## TASK GOAL
After finding "No imóvel, os" in a line below, print that line and the rest of the lines exactly, leaving out all pictures.

## DATA BELOW
------------------------------------------------------------------------

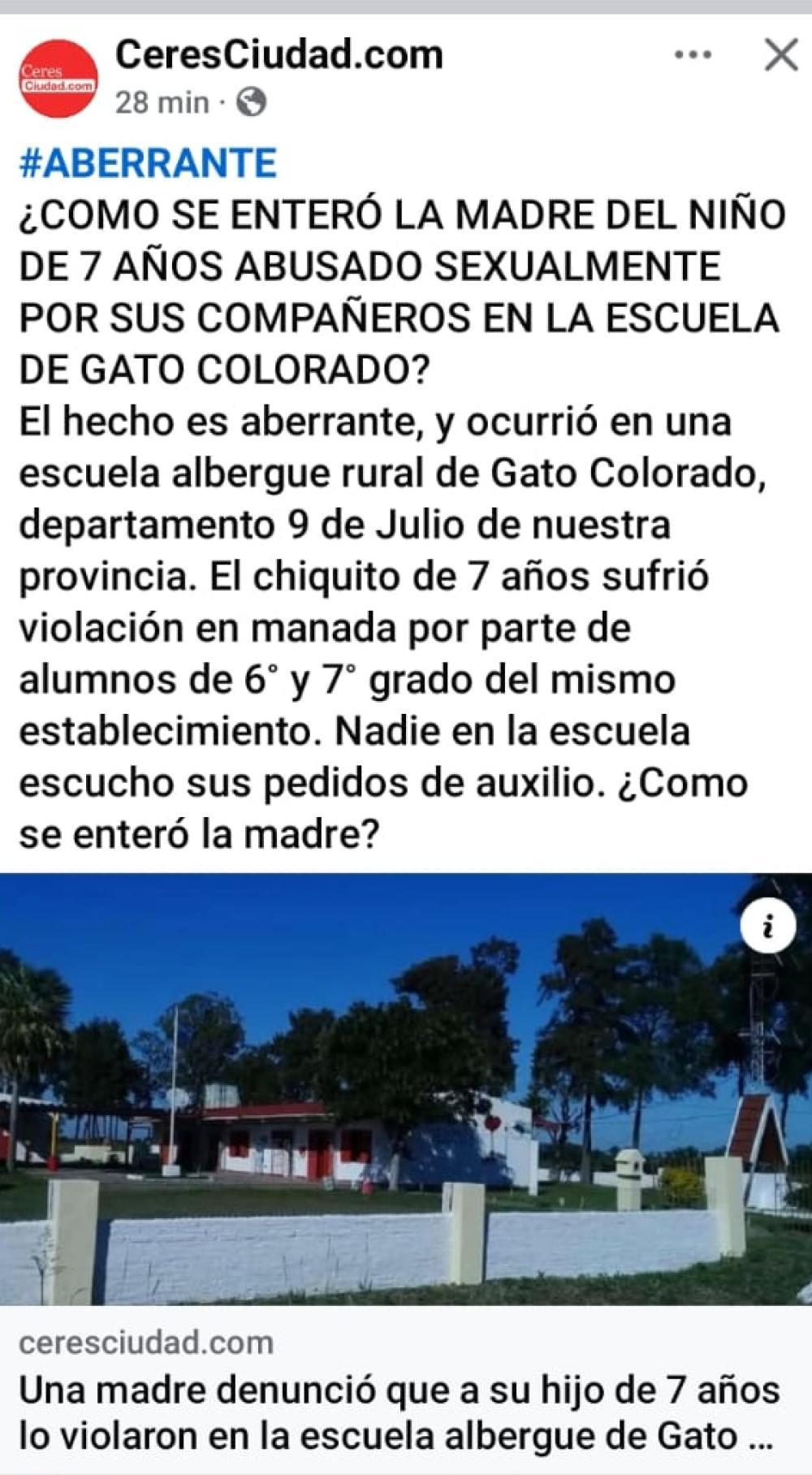 La madre de un alumno internado en la Escuela Albergue Conrado Nalé Roxlo N.º 1211- departamento 9 de Julio, Gato Colorado, Santa Fe, fue a esperar a su hijo el viernes último y lo encontró enajenado, abstraído y sumido en llantos sin poder explicar su trauma.
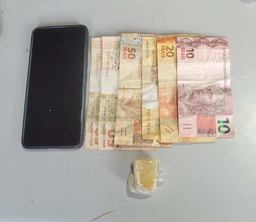 No imóvel, os policiais sentiram um forte odor de entorpecente, conseguindo localizar uma porção média de pasta base de cocaína, enrolada em uma fralda em um cesto de lixo. Em continuidade as buscas, os policiais acharam dinheiro trocado, característico da atividade de tráfico, em diversos pontos da casa.
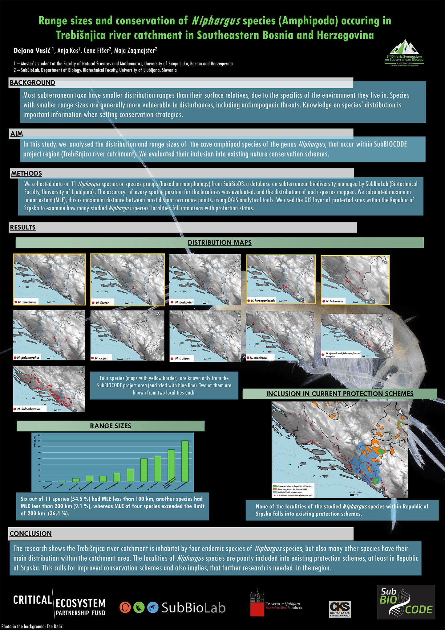 Vasić D., Kos A., Fišer C. Zagmajster M. (2022). Range sizes and conservation of Niphargus species (Amphipoda) occuring in Trebišnjica river catchment in Southeastern Bosnia and Herzegovina. Poster presented at the 3rd Dinaric Symposium on Subterranean Biology, 9.-10. April 2022, Trebinje.

------------------------------------------------------------------------

## FINISHED EXERCISE
 No imóvel, os policiais sentiram um forte odor de entorpecente, conseguindo localizar uma porção média de pasta base de cocaína, enrolada em uma fralda em um cesto de lixo. Em continuidade as buscas, os policiais acharam dinheiro trocado, característico da atividade de tráfico, em diversos pontos da casa.
 Vasić D., Kos A., Fišer C. Zagmajster M. (2022). Range sizes and conservation of Niphargus species (Amphipoda) occuring in Trebišnjica river catchment in Southeastern Bosnia and Herzegovina. Poster presented at the 3rd Dinaric Symposium on Subterranean Biology, 9.-10. April 2022, Trebinje.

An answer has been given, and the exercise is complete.